What you will do — Leave out the pictures and set down exactly the lines from the start of the listing through the one with "2 Pack Fence", both included.

Source data —
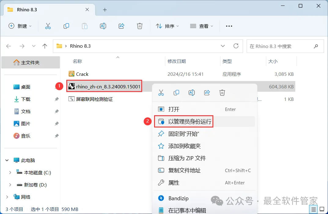 4、找到【rhino_zh-cn_8.3】应用程序,右键选择【以管理员身份运行】它
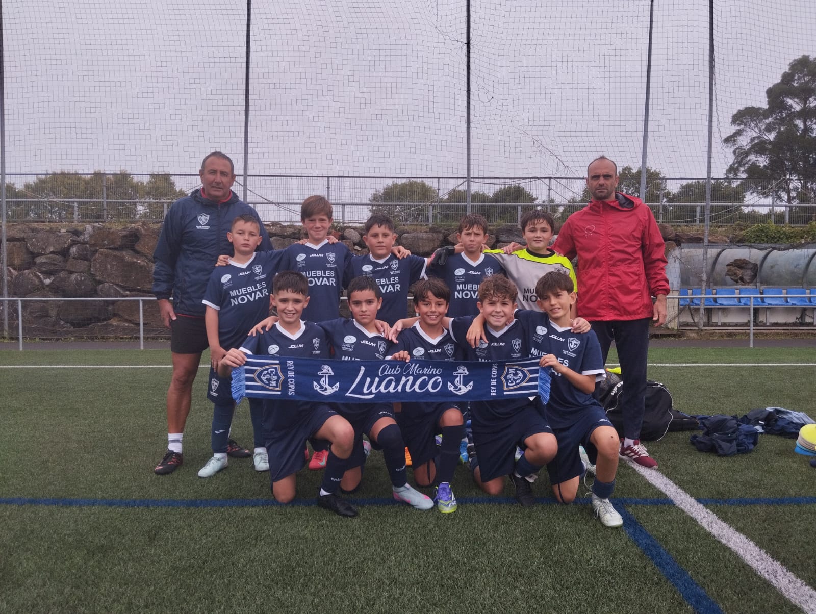 El coordinador David Gómez Antuña nos hace llegar la foto del equipo alevín A del Club Marino que logró la victoria ante el Navarro B por 5-1. En la citada imagen vemos a los jugadores acompañados por Josele y Guaya, entrenadores del primer conjunto alevín del Marino.
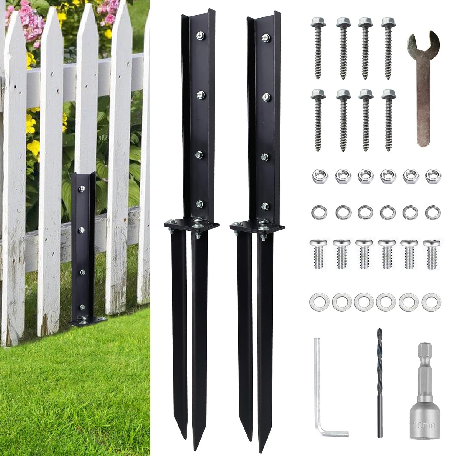 2 Pack Fence Post Repair Kit, Fence Post Anchor Kit, Heavy Duty Steel Fence Post Repair Stakes, Fence Post Anchor Ground Spike for Repairing Tilted Broken Wooden Fence Post, Black
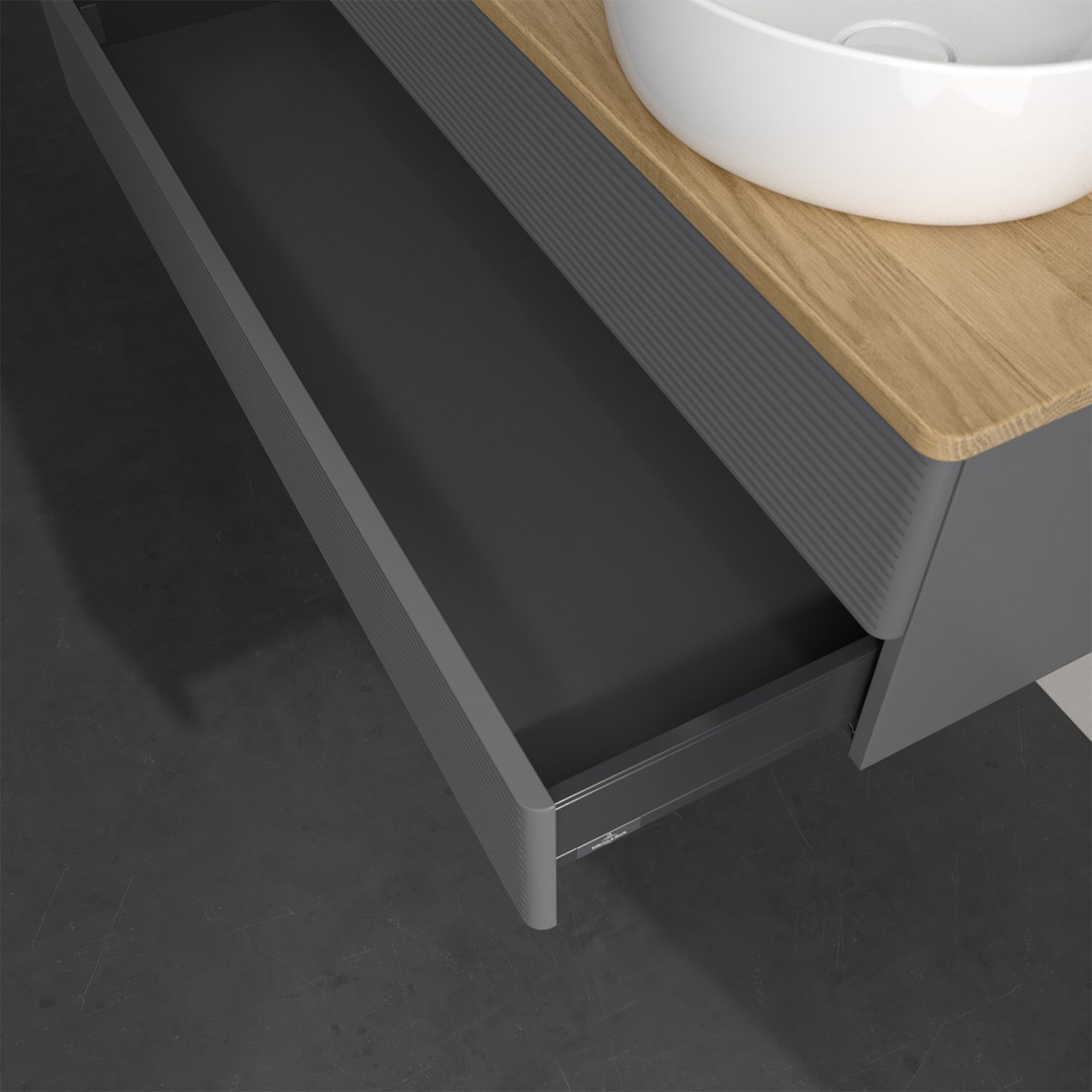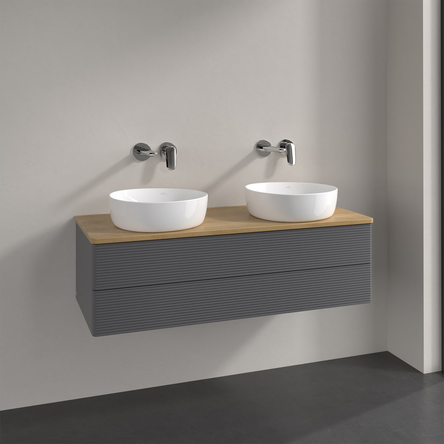 Villeroy & Boch Antao Waschbeckenunterschrank, 120 x 19 cm, 2 Auszüge, Fronten mit Struktur, ohne Hahnloch, für Waschtisch links und rechts

Response to the task —
 4、找到【rhino_zh-cn_8.3】应用程序,右键选择【以管理员身份运行】它
 El coordinador David Gómez Antuña nos hace llegar la foto del equipo alevín A del Club Marino que logró la victoria ante el Navarro B por 5-1. En la citada imagen vemos a los jugadores acompañados por Josele y Guaya, entrenadores del primer conjunto alevín del Marino.
 2 Pack Fence Post Repair Kit, Fence Post Anchor Kit, Heavy Duty Steel Fence Post Repair Stakes, Fence Post Anchor Ground Spike for Repairing Tilted Broken Wooden Fence Post, Black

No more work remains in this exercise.